Brotherly Hate

Star Julie Ege posed for Penthouse to promote Creatures the World Forgot, Hammer acknowledging the real appeal in their caveman movie trio, beginning with Raquel Welch in One Million Years BC. It was all about the sexy people, and one point, dinosaurs too.

Dinosaurs do not appear in Creatures the World Forgot. This is (sort of) a realistic take on the genre, set in Africa and played totally without speech. Where Hammer earlier pushed extremes, using splashes of gore to embed horror, by the early ‘70s, it’s clear the intent was entirely exploitation. Multiple times, topless women catfight on screen, less for story development than nudity.

Aggression is a learned behavior, the closet Creatures the World Forgot comes to making a statement

To see how (not) serious Creatures the World Forgot aimed to be, look for the comically absurd bear suit, brawling with men inside a cave midway through the story. Not only is the fight ineffective, the costume isn’t fit for a parody. Lack of dialog and dinosaurs aside, taking any of this sincerely is practically impossible with scenes like that.

There is a singular moment in this relentlessly cruel, violent world worth noting. Two tribes meet, taking defensive postures against one another, while the small children among them get together to peacefully play. Aggression is a learned behavior, the closet Creatures the World Forgot comes to making a statement.

The rest wanders, often aimlessly through a day-in-the-life routine, even confusing the simple war between two brothers fueling the main plot line. For the finale, there’s a bizarre suggestion of telepathy, doubly odd in a movie trying to maintain plausibility.

Monotonous as it is to get there, the climatic scuffle takes place amid a gorgeous a mountaintop, the stakes visually thrilling as the dueling men teeter on rocky ledges. Given the location shooting in Africa, it’s all beautiful, and the open expanse behind the action marvelous to witness. Shame the lacking interest will mean so few reach that point.


Drenched in amber earth tones to sell the desert locations, the Blu-ray debut for this early ’70s effort doesn’t tweak the color aesthetic. It’s still deeply warm with bronzed flesh tones matching the sunny environments. Creatures the World Forgot doesn’t offer much else in terms of saturation.

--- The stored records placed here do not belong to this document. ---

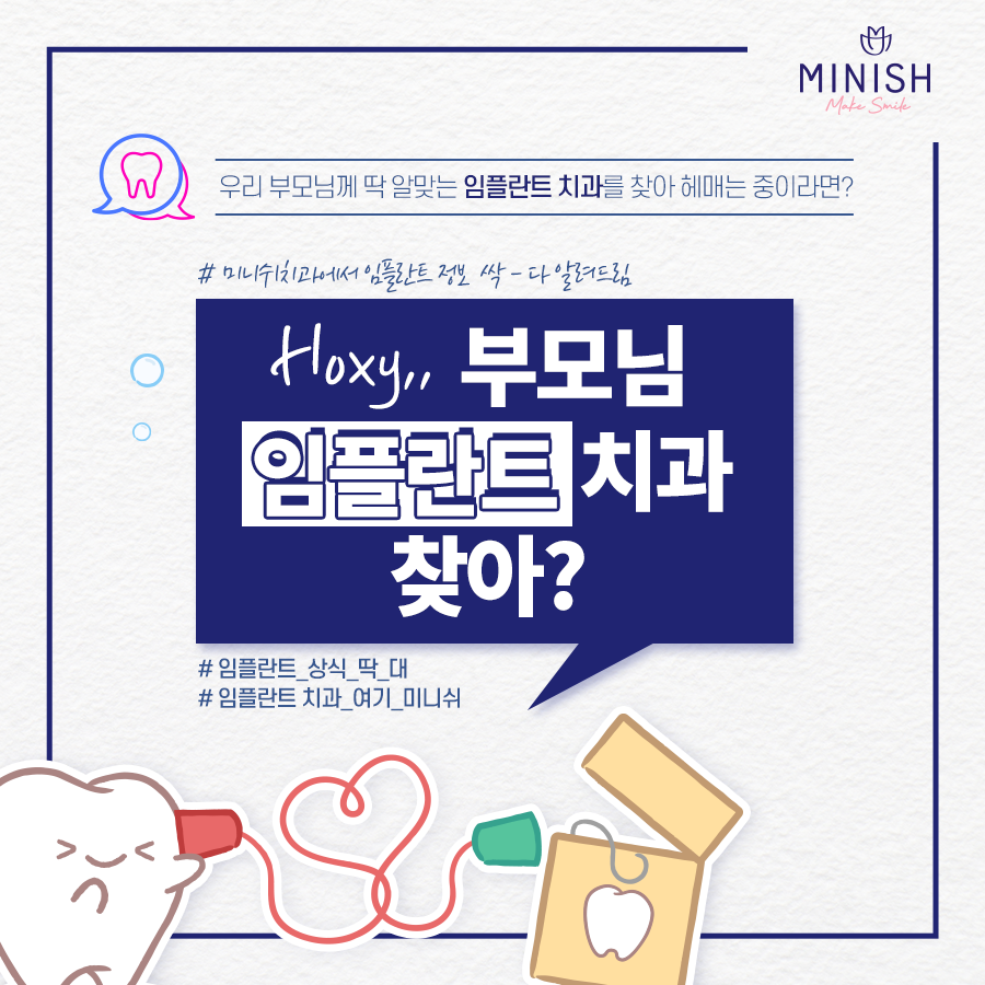 잠시 시간을 내어 꼼꼼하게 읽어보시고, 부모님에게 카톡으로 임플란트 치과 찾는 방법 링크 보내드리면 어떨까요?
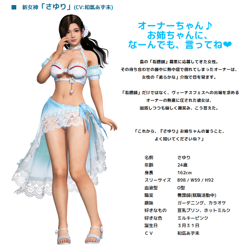 日本光荣特库摩公开了《死或生 沙滩排球 维纳斯假期》新角色“小百合”的一系列新消息。据悉,新角色“小百合”有着邻家温柔姐姐的气息,而且同样拥有非常傲人的身材。
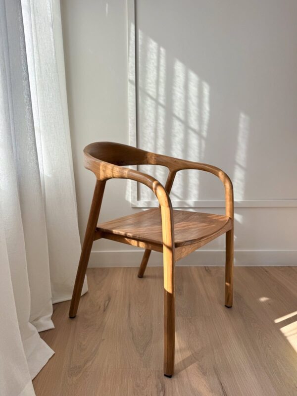 To drewniane krzesło które idealnie wpisuje się w aranżacje inspirowane naturą, stylem japandi, skandynawskim czy rustykalnym. Dzięki odporności drewna teakowego, mebel może być także używany w zadaszonych przestrzeniach zewnętrznych.
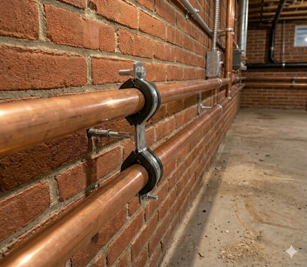 De Diamond dubbele buisklem met beschermende EPDM-inlage en schroefpen is ontworpen voor het professioneel bevestigen van dubbele leidinginstallaties aan muren of plafonds – met extra demping en duurzaamheid.
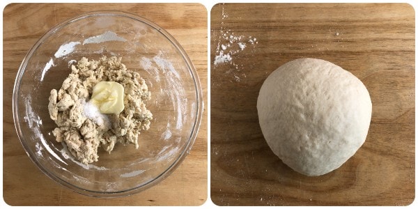 When the dough has compacted, add the soft butter and salt, and continue to work it first in the bowl and then on a lightly floured pastry board. The dough should become smooth and homogeneous. Shape into a ball.
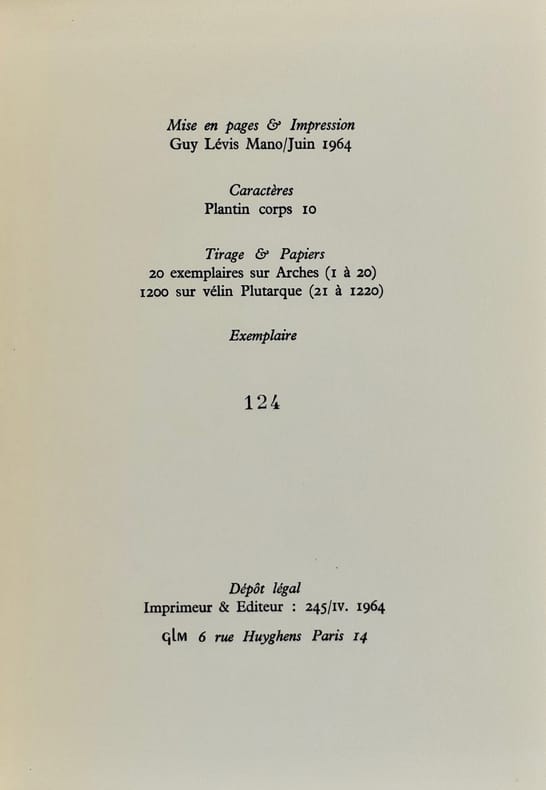 Paris GLM 1964 petit in-8 broché Paris, GLM (Guy Lévis Mano), 1964. 19 x 14,5 cm, petit in-8, 63 pp., 4 dessins en noir par André Masson dont un en frontispice et un à double page, broché sous couverture jaune vif imprimée.

The print used looks clean, any damage/dirt minimized. Few scenes show anything scratches at all. Preserved grain structure compresses well, certainly carrying the look of film. Unfortunately, the effort doesn’t bring much fidelity, the mastering lackluster. Limited texture suggests an older scan, HD certainly, if little else.

Sunlight fails to bring the expected contrast. Imagery looks downright dulled and flat, lacking depth. Odd considering the location, but fading likely took a toll over time. That said, nighttime brings a pure black skyline, those scenes bringing the best dimensionality in this presentation.


A volcanic eruption starts this one, producing a decent rush of bass for a mono track. Slow drums in the score push power into the low-end too. Again, for mono, it’s reasonably full.

Treble fares well. Highs offer sharp crispness to this older audio source.


The only film in Mill Creek’s Hammer Blu-ray set on its own disc, bonuses take up space alongside it, but nothing specific to Creatures the World Forgot.

Creatures the World Forgot
  • Video
  • Audio
  • Extras


While daring in trying to bring realism into an obviously exploitative cavemen movie, Creatures the World Forgot is a dull experiment.